Yeah, that's getting to be my motto. I had a memorable experience where I didn't do that and the dog was stolen out of the shelter that night. Actually we got him back but man, was I kicking myself. 

When an immediate pull isn't possible I find it's sometimes advisable to put down money on the dog, go on and pay the adoption fee and fill out the paperwork, sign the contract etc. That makes the dog "yours" which gives you a real leg to stand on if they do something to it (more often adopting it to someone that shouldn't have it, but euthanasia also).


----------



## RebelGSD (Mar 20, 2008)

I learned to be paranoid in rescue. It happened to me more times than I can count that I was told the dog was safe and it was not. I always call back several times to make sure that the dog is out of the shelter.

In this particular case there is was less than 24 hours they were supposed to keep the dogs as they promised: this is not too much to ask or to expect from a person who said they will be OK.


----------



## khurley (Sep 25, 2004)

> Originally Posted By: sit,stayI would be willing to bet that this is the same shelter I had problems with.

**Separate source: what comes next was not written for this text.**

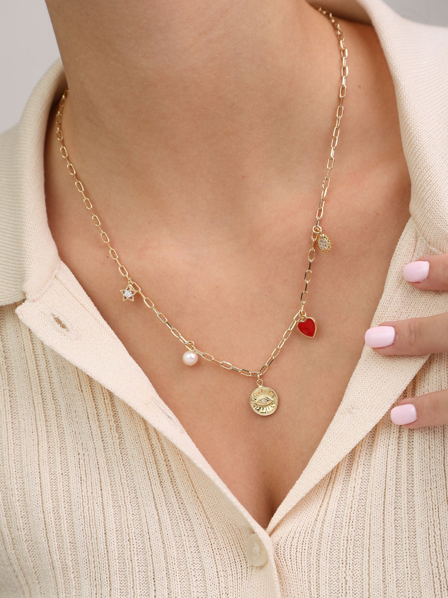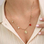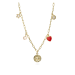 Cadena de elementos, Bañado en oro, Zirconia cúbica artificial, Perla cultivada, Esmalte, Multicolor, Variedad de formas, Artificial, Color dorado, 7.56 g

I was contacted by a fellow forum member about taking a male GSD that was being held in her local animal control facility. I had room, so I said yes.
> Between her phone call to hold the dog until she could get there and her actually arriving a very short time later they went ahead and euthanizied him.
> As a former shelter employee, I totally understand what open admission shelters are up against. But to euthanizie an animal that you know has rescue available and ON THE WAY is something that is just impossible to explain or understand.
> Sheilah
> P.S. On a side note, Nancy Roberts shutting down in Utah has impacted the whole intermountain west. I think it has been a while, too, since she closed up and the effects are still being felt. I know I really enjoyed working with her, and I had a great deal of respect for her opinion.


It is the same one. That same board member contacted me as well to see if I could help, which I was willing to do. I actually contacted her because we're going to be gone this weekend and are taking the dogs and wanted to know if she could keep him for a couple of days because it isn't a situation I'd feel comfortable putting a new foster in. She was also happy to help.

Nancy is sorely missed. It looks like Montana GSD rescue is doing quite a bit now to help. That's who I was going to foster for.


----------